■ **YOUR INSTRUCTIONS**
With the pictures omitted, repeat exactly the lines below starting with the line that has "天津医科大学招生计划2020" and going on through the line that has "是指到达Tomcat节点网卡的 RT ,所以还包含了网络消耗)".

■ **EXCERPTED RECORDS**
•••••
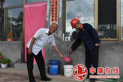 看到“清粼粼”深井水又流进了自家的水缸里,77岁的许二旦高兴地对笔者高兴地说:“群众吃水困难,供电师傅马上帮助解决,这两天正是高温天气,架线安装施工的时候,他们的汗水顺着脸颊脖子往下流,没有人喊苦叫累,我要为师傅们点个赞,供电服务就是好,共产党就是好!
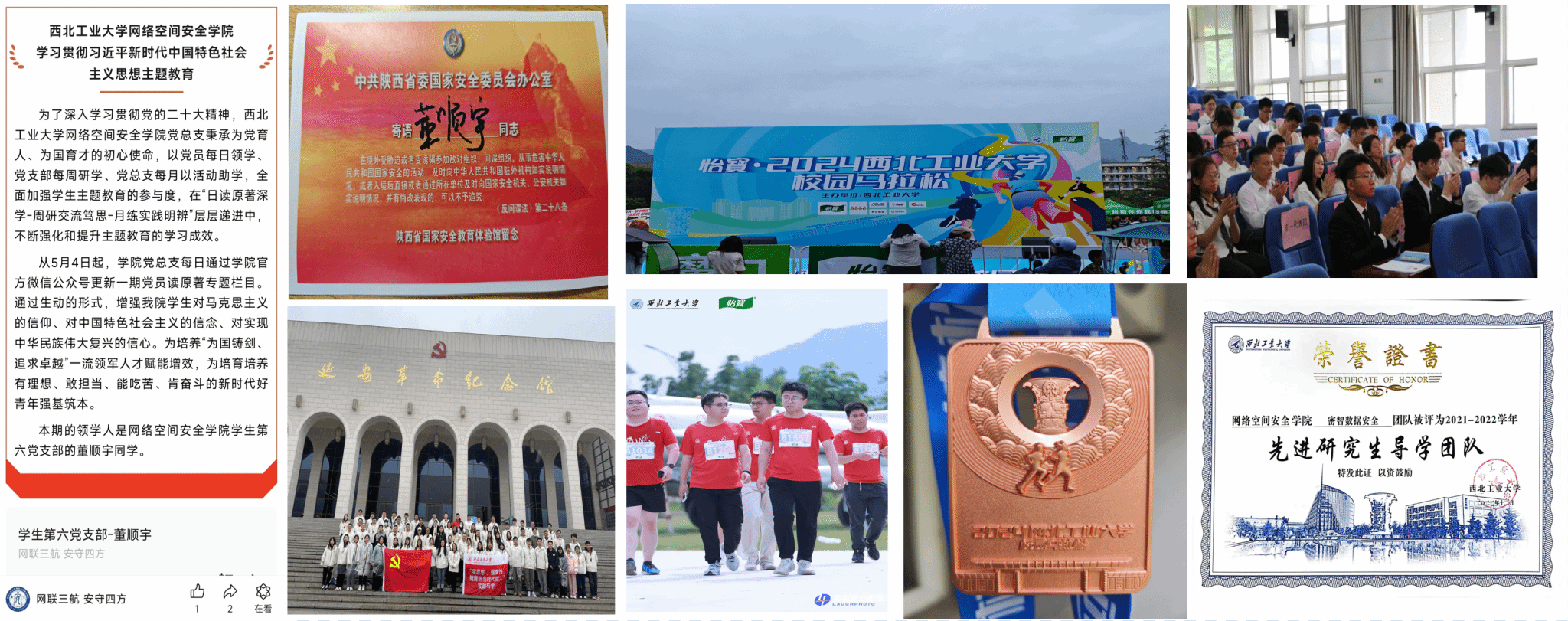 作为一名中共党员,董顺宇始终保持高度的社会责任感,积极参与各类党建和社会实践活动。在研究生期间,他积极参与党组织生活,认真学习党的理论知识,并以实际行动践行党员的先锋模范作用。多次参与公司及社会的志愿活动,发挥专业优势,为社会贡献自己的力量。除科研之外,他也关注个人综合素养的提升,积极参加体育、演讲、科创等活动,不断挑战自我,实现全面发展。
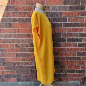Trina Turk Kaanapali Crepe Sheath Dress Yellow Size Medium Chic New, see pictures there are 3 stains on the dress- bottom left, back left side all pictured
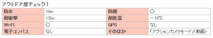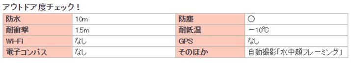 丸みのあるデザインとコンパクトさが特徴的な本シリーズですが、アウトドア度は「15m防水」(前モデル「XP70」より5mアップ)「1.75m耐衝撃構造」「-10℃耐寒」「防塵」と、ほかのモデルに負けていません。2万円前後でこれだけのアウトドア機能とWi-Fi搭載モデルはほかになく、コストパフォーマンスの高いモデルといえるでしょう(2015年7月8日/価格.comにおいて)。光学式手ブレ補正機能も搭載されています。
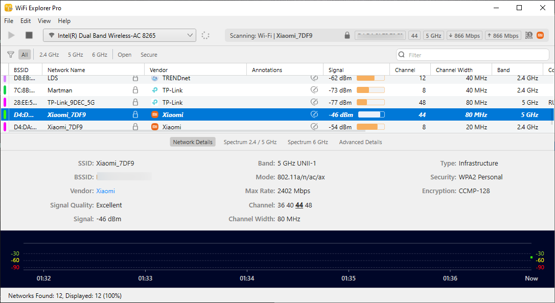 Всегда актуальная версияНезависимо от того, являетесь ли вы техническим энтузиастом, профессионалом или обычным пользователем, с WiFi Explorer Pro для Windows вы всегда будете в курсе последних инноваций в области беспроводных технологий. Приложение поддерживает новейшие стандарты Wi-Fi, в том числе Wi-Fi 6, Wi-Fi 6E и Wi-Fi 7.
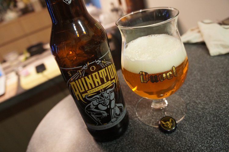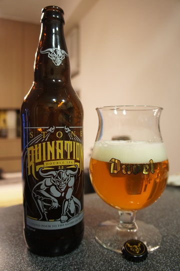 Brewer Description: (from bottle) When this double IPA first hit the scene in 2002, the hoppy beer landscape was far different that it is today. Ales offering an onslaught of resinous humulus lupulus were virtually unknown. Thankfully that is no longer the case. Terms such as “lupulin” and “IBU” are well established in the craft beer lexicon. And with the knowledge of all that hops have to offer comes the desire to go beyond bracing bitterness. Fortunately, Stone Ruination IPA has always been crafted to celebrate all facets of the hop – its beauty and poetry, its boldness and might. As craft beer has evolved, so too have techniques for extracting the best and the most out of hops. So we modernized Stone Ruination IPA, coaxing every last drop of piney, citrusy, tropical essence from the Centennial, Citra, Simcoe and Azacca hops that give this beer its incredible character. Join us in cheering this, the second stanza in our “Liquid Poem to the Glory of the Hop.”
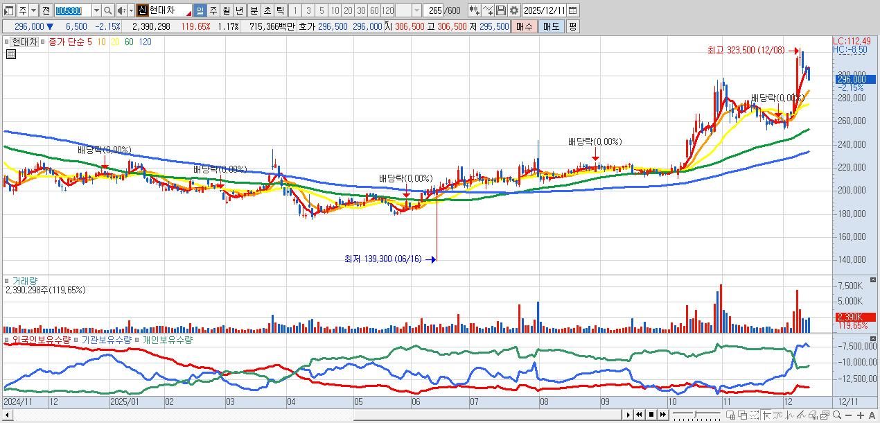 - 현대차 (295,500원 ▼ -2.31% , 시총: 605,059억, 거래량: 1,465,528, 거래대금:4,379억)
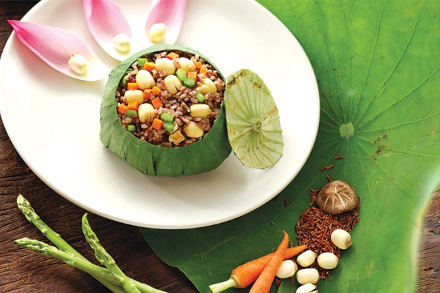Cơm hấp lá sen là món ăn chay mang hương vị nhẹ nhàng, thanh tao với vị dẻo thơm trong từng hạt gạo cùng vị bùi bùi của hạt sen được bọc trong lớp lá sen mỏng. Cơm sen là một món đặc sản của nhiều nhà hàng sang trọng, như một nét chấm phá thanh tao trong bàn tiệc. Đĩa cơm sen với lá sen bọc bên ngoài luôn được đặt trang trọng ở trung tâm bàn ăn. Để thực hiện món cơm đặc biệt này, gạo tám thơm phải được vo kỹ, để thật ráo nước rồi nấu chín. Cơm nấu xong dàn ra mâm để hạt cơm tơi đều. Hạt sen ngâm nước khoảng 2 giờ rồi luộc trong nước có một tí muối đến khi hạt sen có vị thơm bùi. Đậu Hà Lan trụng qua nước sôi, cà rốt cắt hạt lựu, nấm đông cô ngâm nở mềm cắt hạt lựu. Bắt chảo lên bếp cho nóng chảo rồi cho dầu ăn, boa rô vào phi thơm, cho tiếp nấm đông cô, cà rốt, hạt sen, đậu Hà Lan vào xào, nêm nếm vừa ăn. Cho hết phần rau củ vừa xào vào trộn đều với cơm trắng rồi cho phần cơm trộn này vào khay có lót lá sen. Cho phần cơm gói lá sen đem hấp khoảng 10 phút là ta đã có món cơm hấp lá sen với hương thơm ấm áp, thanh tao của lá sen.
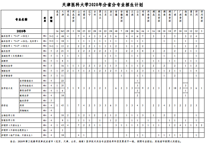 天津医科大学招生计划2020
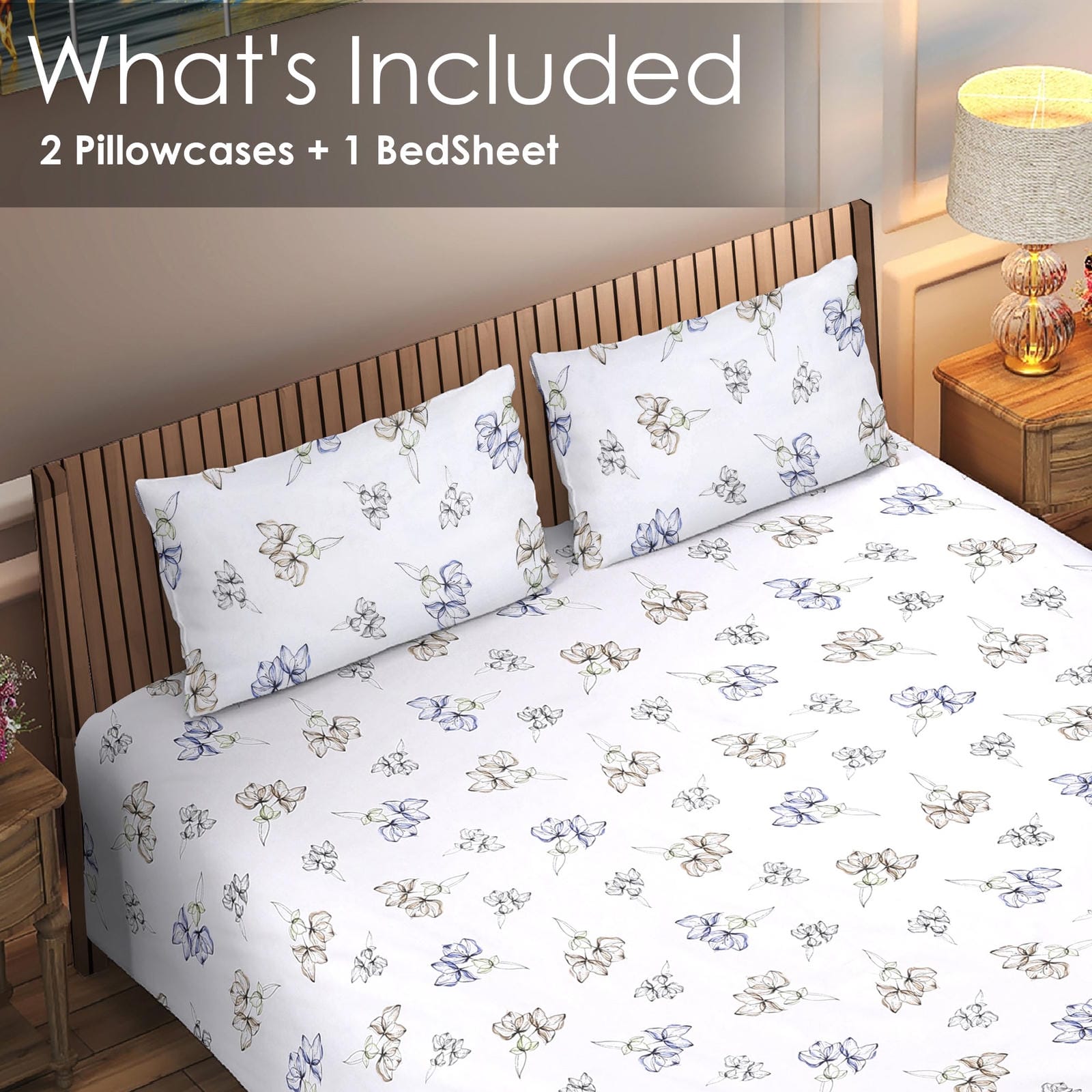 • Contents: 1 Bedsheet + 2 Pillow Covers
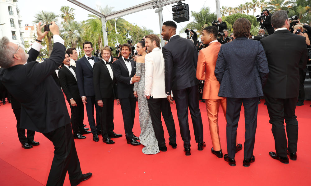 ↑2022年5月18日,影片《壯志凌云:獨行俠》主創人員抵達全球首映式現場。
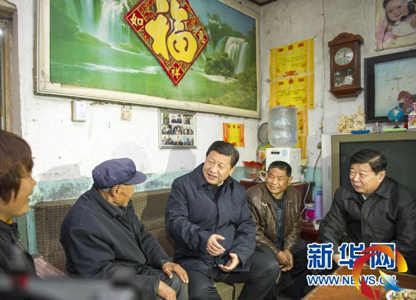 25日下午,習近平在地處沂蒙老區(qū)的臨沭縣曹莊鎮(zhèn)朱村看望83歲的“老支前”王克昌。 新華社記者謝環(huán)馳 攝
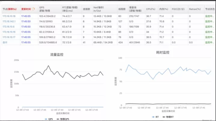 ● 物理RT/QPS是指Tomcat看到的MySQL RT 和QPS(这里的 RT 是指到达Tomcat节点网卡的 RT ,所以还包含了网络消耗)
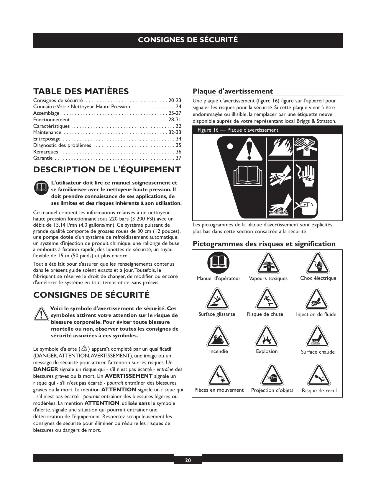 L'utilisateur doit lire ce manuel soigneusement et se familiariser avec le nettoyeur haute pression. Il doit prendre connaissance de ses applications, de ses limites et des risques inhérents à son utilisation. Ce manuel contient les informations relatives à un nettoyeur haute pression fonctionnant sous 220 bars (3 200 PSI) avec un débit de 15,14 l/mn (4.0 gallons/mn). Ce système puissant de grande qualité comporte de grosses roues de 30 cm (12 pouces), une pompe dotée d'un système de refroidissement automatique, un système d'injection de produit chimique, une rallonge de buse à embouts à fixation rapide, des lunettes de sécurité, un tuyau flexible de 15 m (50 pieds) et plus encore. Les pictogrammes de la plaque d'avertissement sont explicités plus bas dans cette section consacrée à la sécurité. Pictogrammes des risques et signification Tout a été fait pour s'assurer que les renseignements contenus dans le présent guide soient exacts et à jour.Toutefois, le fabriquant se réserve le droit de changer, de modifier ou encore d'amélorer le système en tout temps et ce, sans préavis. Manuel d'opérateur Vapeurs toxiques Choc électrique
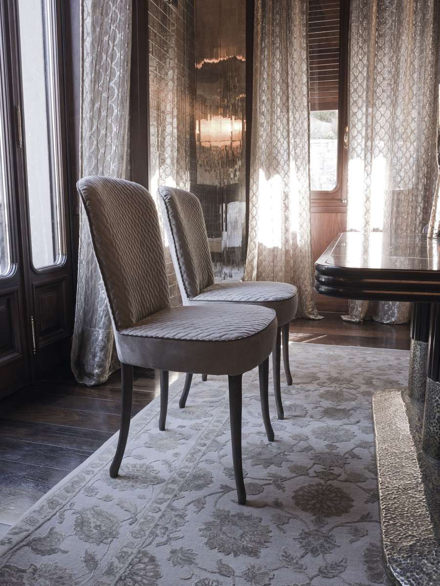Изящные пропорции стула Ambra подчёркивает плетёный стеганый узор на сиденье и внутренней стороне спинки. Строгие линии делают его идеальным дополнением к любому интерьеру, а ножки из массива дерева оживляют ансамбль, создавая изящный и изысканный образ.
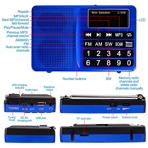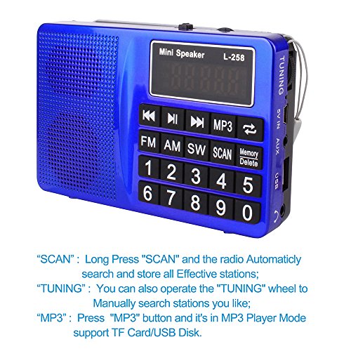 Studio : ohCome Publisher : ohCome Binding : Electronics Product Description The portable FM/AM/SW Radio has Large LED Display Screen, can be used as Mini Speaker 3.5mm Aux, MP3 Music Player support TF Card / USB Disk with Big Button, Simple to use, Suitable for home, outdoor, office and other places. Exquisite design, convenient to carry, excellent for walkers, hikers, campers, backpackers. Auto/Manual Search: 1.In AM/FM/SW mode, long Press "SCAN" and the radio Automaticly search and store all Effective stations and then you just need to choose the saved stations; 2.You can press 0-9 buttons to choose exact station, you can also operate the "TUNING" wheel to Manually search stations you like and the button "Memory/Delete" can manually Store or Delete the stations. Features: **Bass diaphragms, high quality sound; **The design of the Big buttons, convenient for your operation, especially for the elder; **The support on the back of the radio, make sure to place the radio more convenient and safe; **Support connectting the external audio equipment as 3.5MM AUX loudspeaker. **As a gift, ideal for children in the birthday party, especially for father and mother in the Father's Day and Mother's day; Specifications: *FM: 87.5-108 MHz; *AM: 522-1710 KHz; *SW: 2300-21950 KHz; *Decoding: 8-320KBPS; *Speaker: 40mm, 3ohms, 5W; *Power supply: 1000mA Lithium battery (included); *Charging voltage: DC 5V, 500mA; *Size 4.9 x 3.1 x 1 in; Package Included: 1 x FM/AM/SW Radio; 1 x Lithium battery; 1 x USB changing cable; 1 x AUX 3.5MM cable; 1 x English Manual.
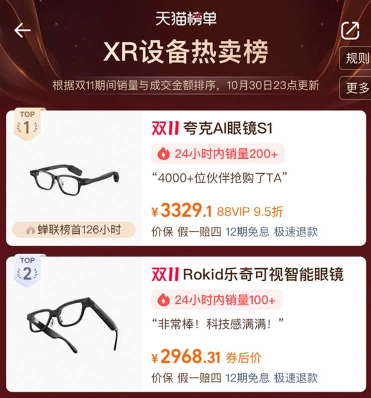 Rokid躋身XR設(shè)備雙11熱賣(mài)榜前2
•••••
■ **WRITTEN RESPONSE**
 天津医科大学招生计划2020
 • Contents: 1 Bedsheet + 2 Pillow Covers
 ↑2022年5月18日,影片《壯志凌云:獨行俠》主創人員抵達全球首映式現場。
 25日下午,習近平在地處沂蒙老區(qū)的臨沭縣曹莊鎮(zhèn)朱村看望83歲的“老支前”王克昌。 新華社記者謝環(huán)馳 攝
 ● 物理RT/QPS是指Tomcat看到的MySQL RT 和QPS(这里的 RT 是指到达Tomcat节点网卡的 RT ,所以还包含了网络消耗)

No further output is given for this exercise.